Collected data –
•••

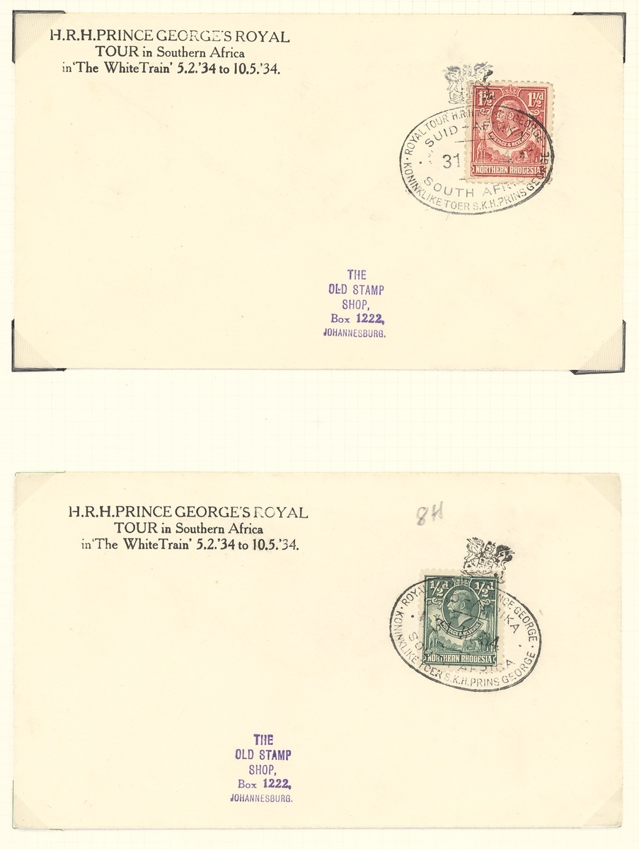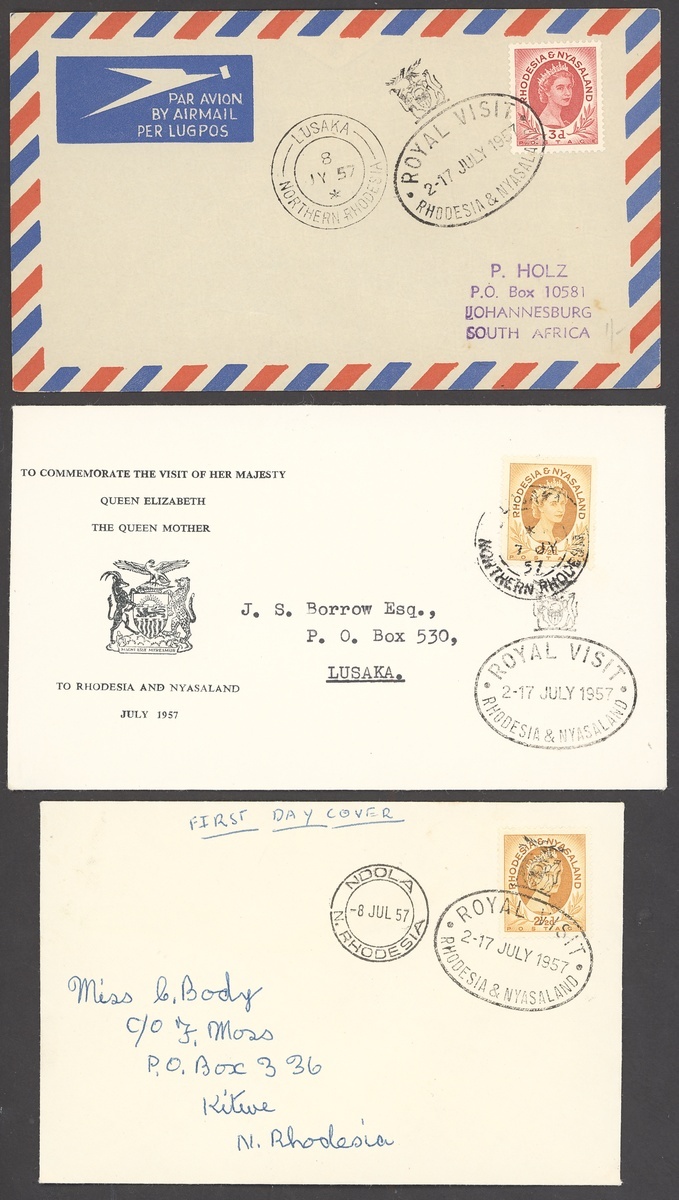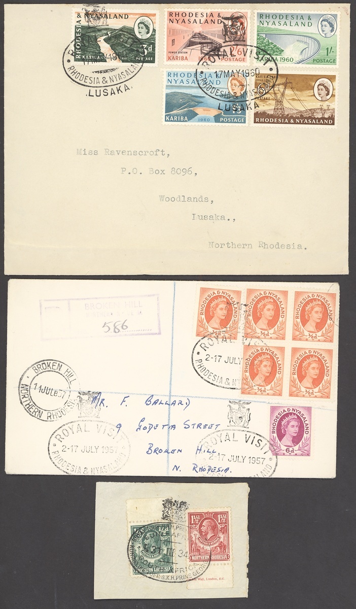 1935 Prince George's Tour envelopes (2) and a piece with oval datestamps for 31 March, 1957 Queen Mother's Tour envelopes from Broken Hill (registered), Lusaka (2) and Ndola with oval datestamps, and 1960 envelope with "
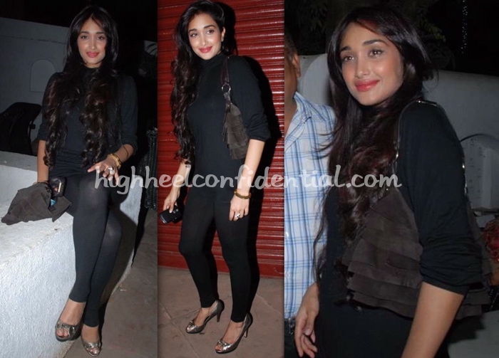 She went to Anju Mahendru bash directly from the Gajhini party (where she wore Green flowing dress) … its commendable that she found time/place to change her dress …SAYA, thats why the same bag .
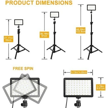 3 Packs 70 LED Video Light with Adjustable Tripod Stand/Color Filters
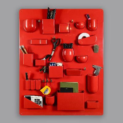Organizador Uten.Silo I, años 70. Elaborado en plástico ABS rojo con pinzas de latón.
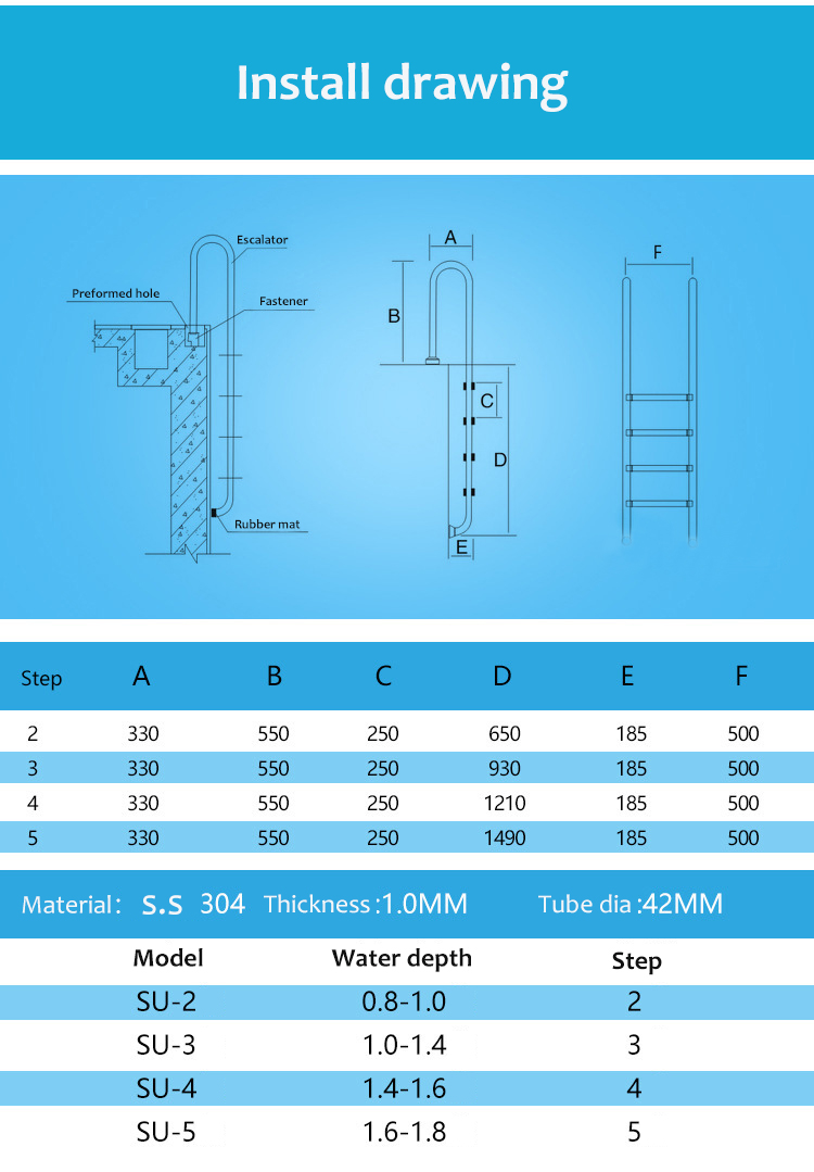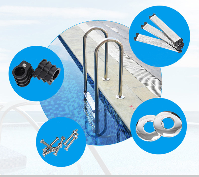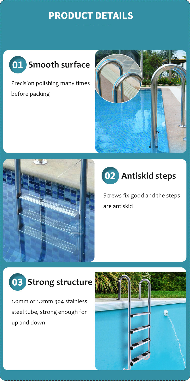1.0/1.2mm thickness tube Swimming Pool Floor Ladder Step Replacement 304 Stainless Steel Ladders With 3 Steps For Swimming Pool
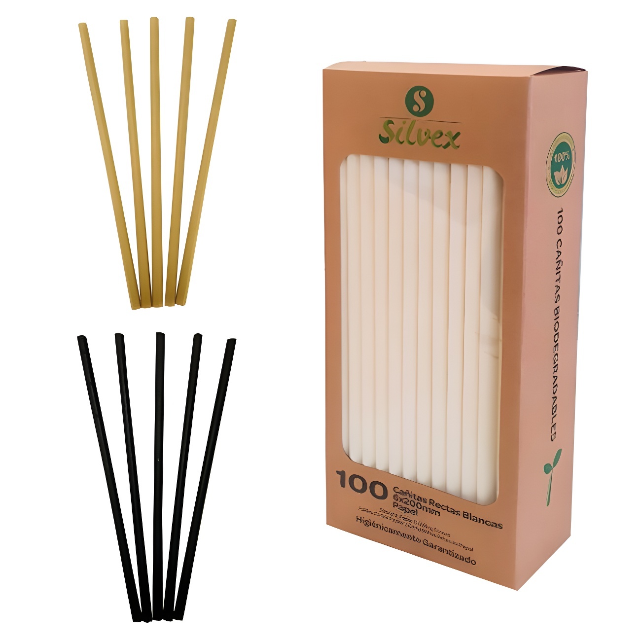 Biologisch afbreekbare papieren rietjes van 19,5 cm - 100 stuks
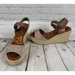 SAM EDELMAN Dimitree espadrille gray brown suede leather wedge sandals 9.5M
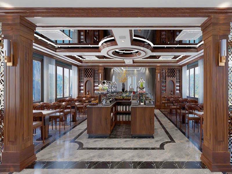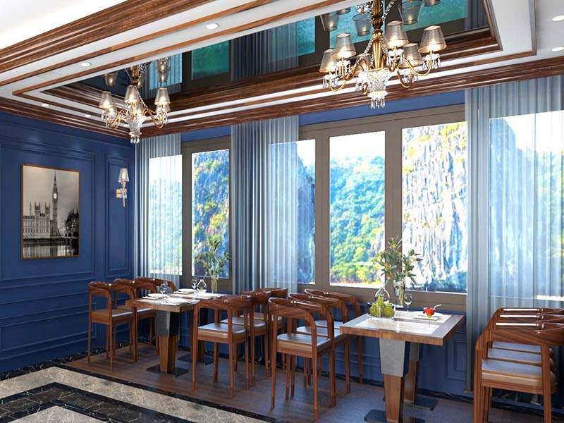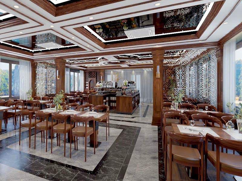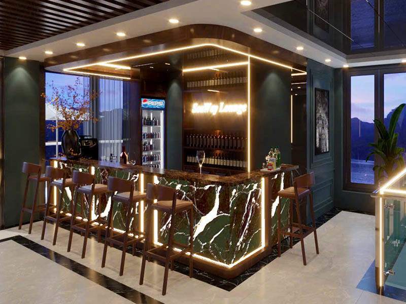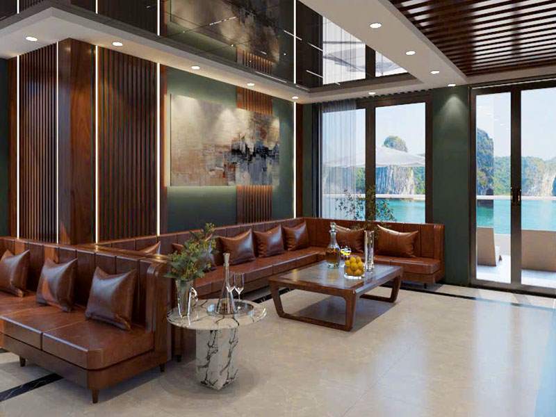 As you step onto the deck, you will be greeted by a lion dance - a symbol of good luck before the voyage. Enjoy a refreshing welcome drink in hand as you get ready for a 7.5-hour journey to explore the stunning Ha Long Bay and Lan Ha Bay. As the cruise departs, a majestic natural panorama unfolds before you - where countless limestone islands such as Duck Islet and Finger Islet rise from the emerald waters, looking like masterpieces sculpted by the hands of nature between the sky and the sea.
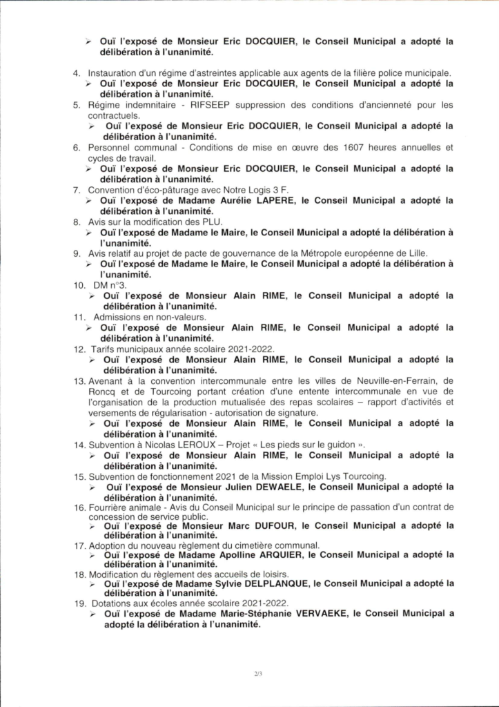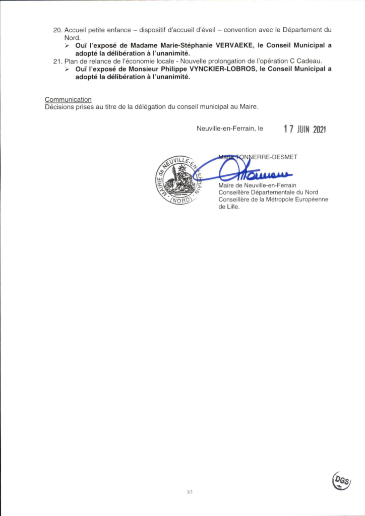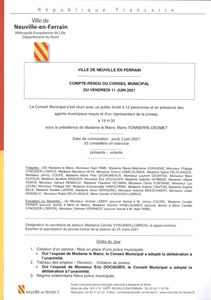 Compte-rendu du Conseil municipal du vendredi 11 juin 2021
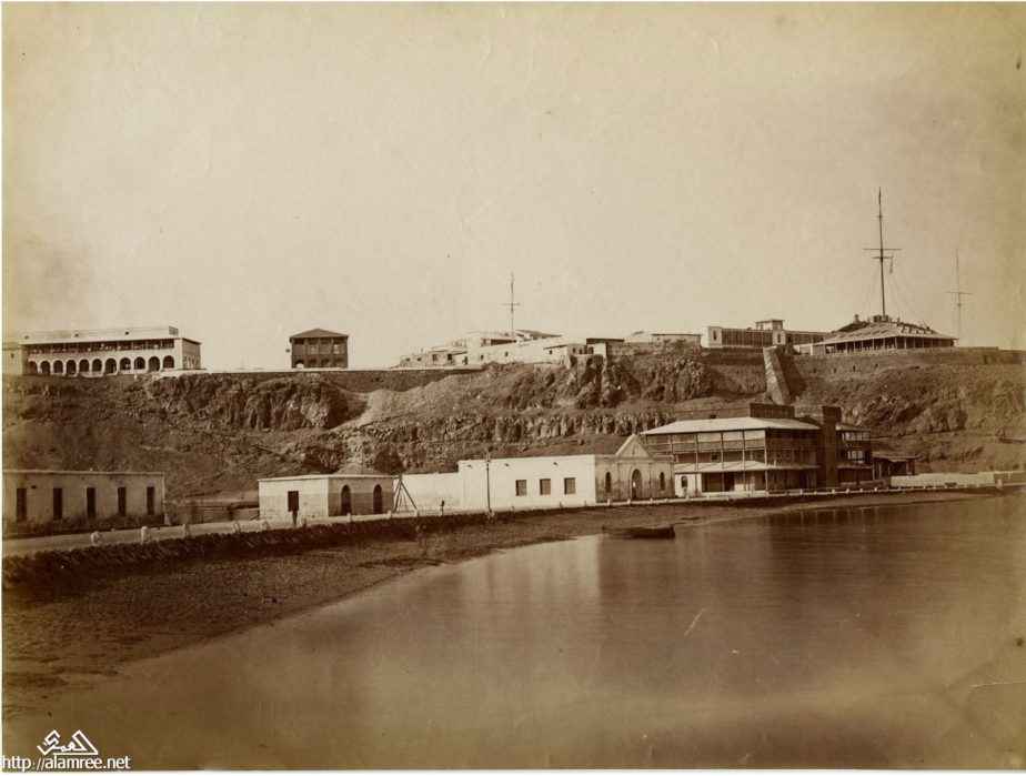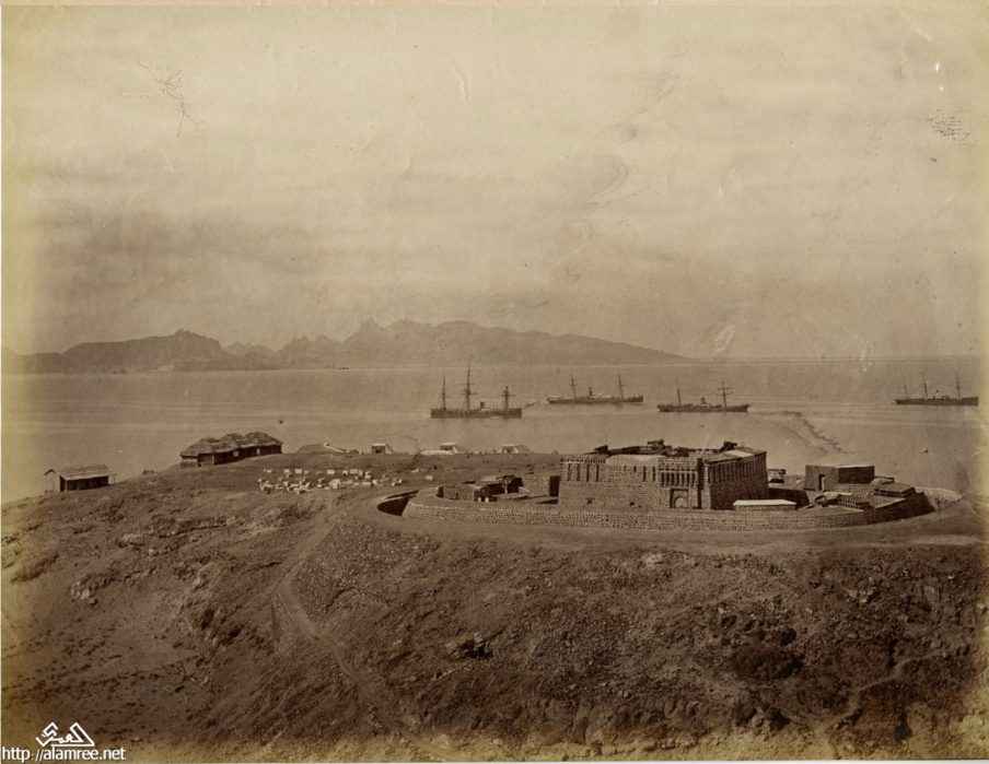 من الصور النادره للقلعه المطله على مدخل ميناء عدن من اتجاه التواهي وهي من عهد الاتراك
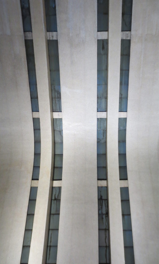 Em algumas das paredes interiores, principalmente nas asas feitas por Mazzoni você pode apreciar a utilização de paredes de tijolo jateados tanto nas grandes arcos.
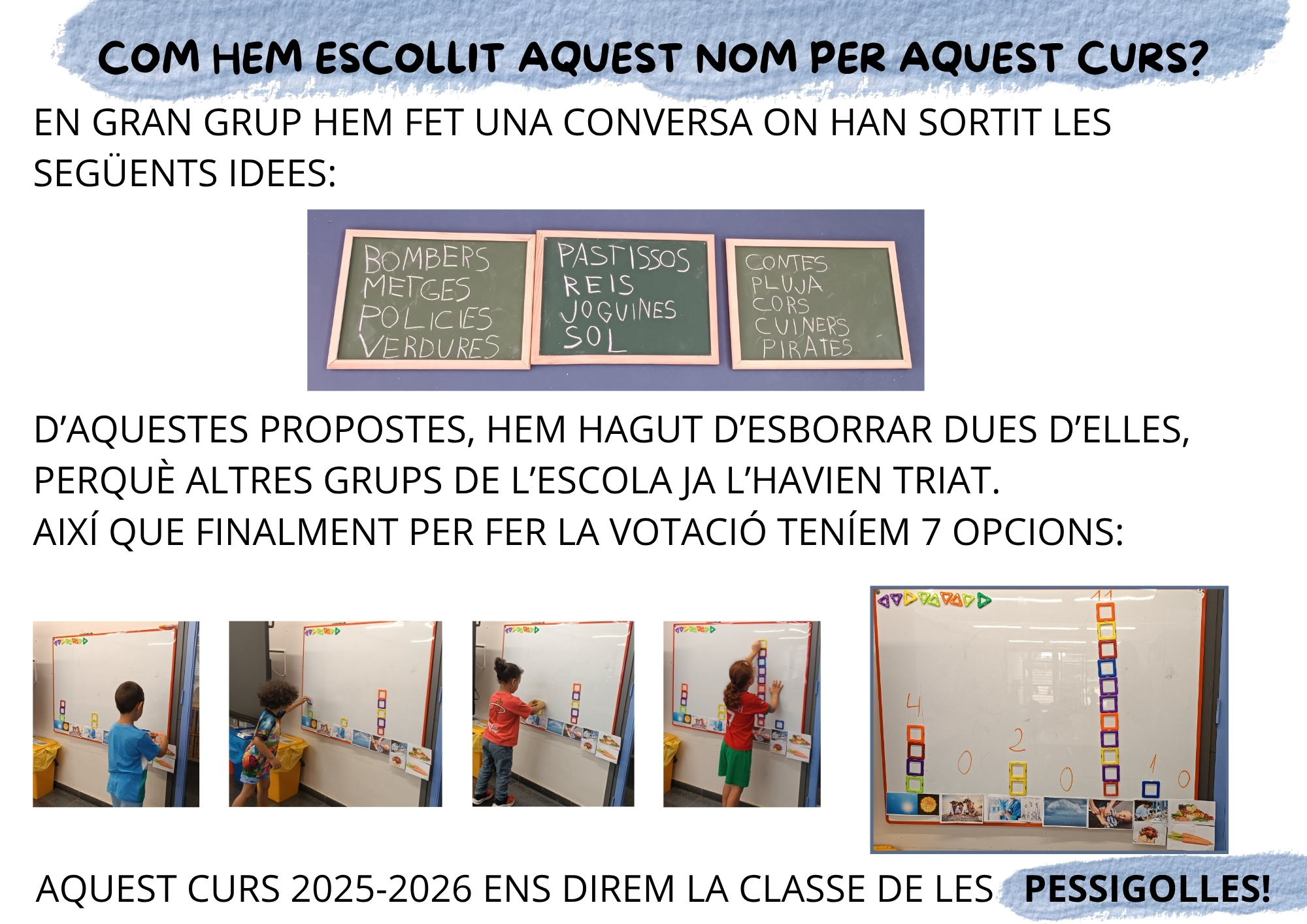 Classe de les PESSIGOLLES! Torreguitart01/10/25 Volem anunciar-vos que ja tenim nom per la nostra classe, per l’últim curs d’infantil! A banda de treballar les emocions, tenim molta curiositat per saber moltes coses del nostre cos! Som-hi amb el primer projecte del curs!
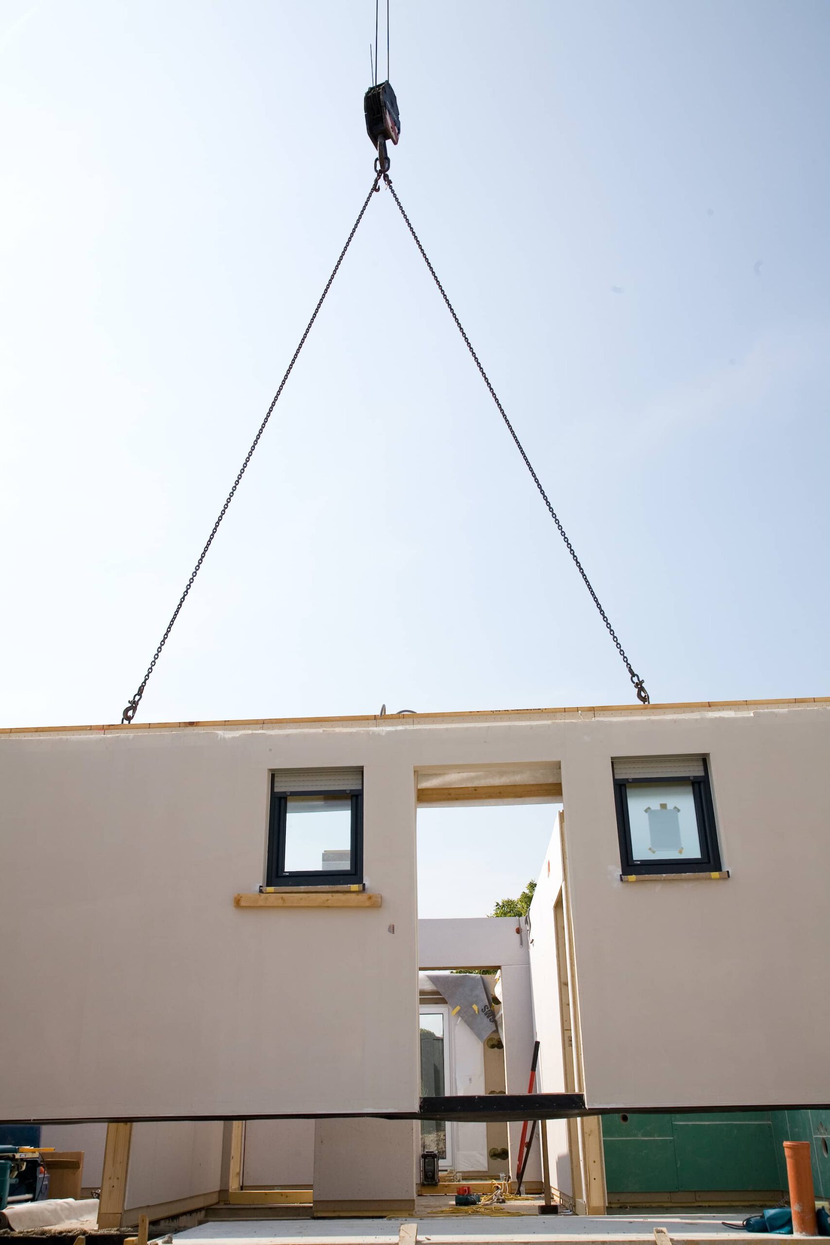 Nach der Fertigung erfolgt der Transport zu Ihrem Grundstück. Unser erfahrenes Team montiert Ihr Fertighaus schnell und effizient, sodass Sie rasch in Ihre neue Umgebung einziehen können.
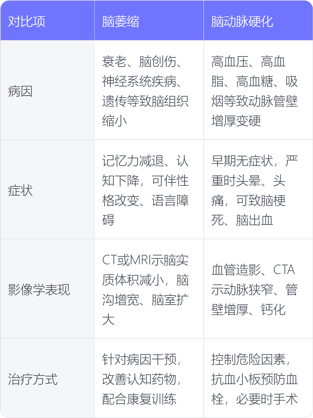 脑萎缩与脑动脉硬化在病因、症状、影像学表现、治疗方式上存在不同。
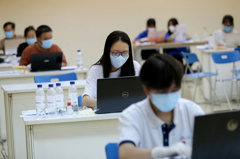 Khoảng chục nhân viên bận rộn với công tác nhập liệu thông tin tiêm chủng của người dân để cập nhật lên hệ thống.
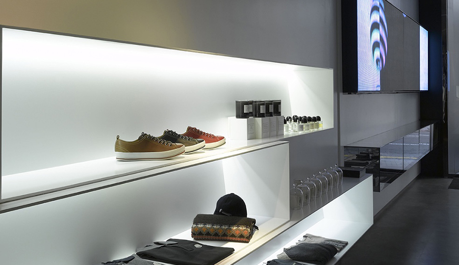 Una gran marquesina de acero negro que se ilumina a través de las aberturas enmarca la fachada de cristal de la tienda. El recorrido dentro de la tienda propone una secuencia de escenas que comienzan en el acceso, dominado por dos grandes pantallas de LED con composiciones de video. La siguiente escena se define por largas piezas que se desprenden de las paredes donde se encuentran los volúmenes de piedra que emergen de la tierra, conectando los espacios entre las zonas de ambos sexos. Al llegar a los probadores las áreas se vuelven a separar visualmente. Al final, el espacio se une de nuevo coronado por una claraboya que inunda de luz natural el interior de la tienda. Esta progresión de espacios organiza la tienda en áreas que resaltan la identidad de las colecciones con el fin de darle valor a cada una de las marcas expuestas.

•••

Assigned task –
Would you set down only the lines above from the line with "من الصور النادره" to the line with "Em algumas das", both included, exactly as they stand and without the pictures?

Result for this exercise –
 من الصور النادره للقلعه المطله على مدخل ميناء عدن من اتجاه التواهي وهي من عهد الاتراك
 Em algumas das paredes interiores, principalmente nas asas feitas por Mazzoni você pode apreciar a utilização de paredes de tijolo jateados tanto nas grandes arcos.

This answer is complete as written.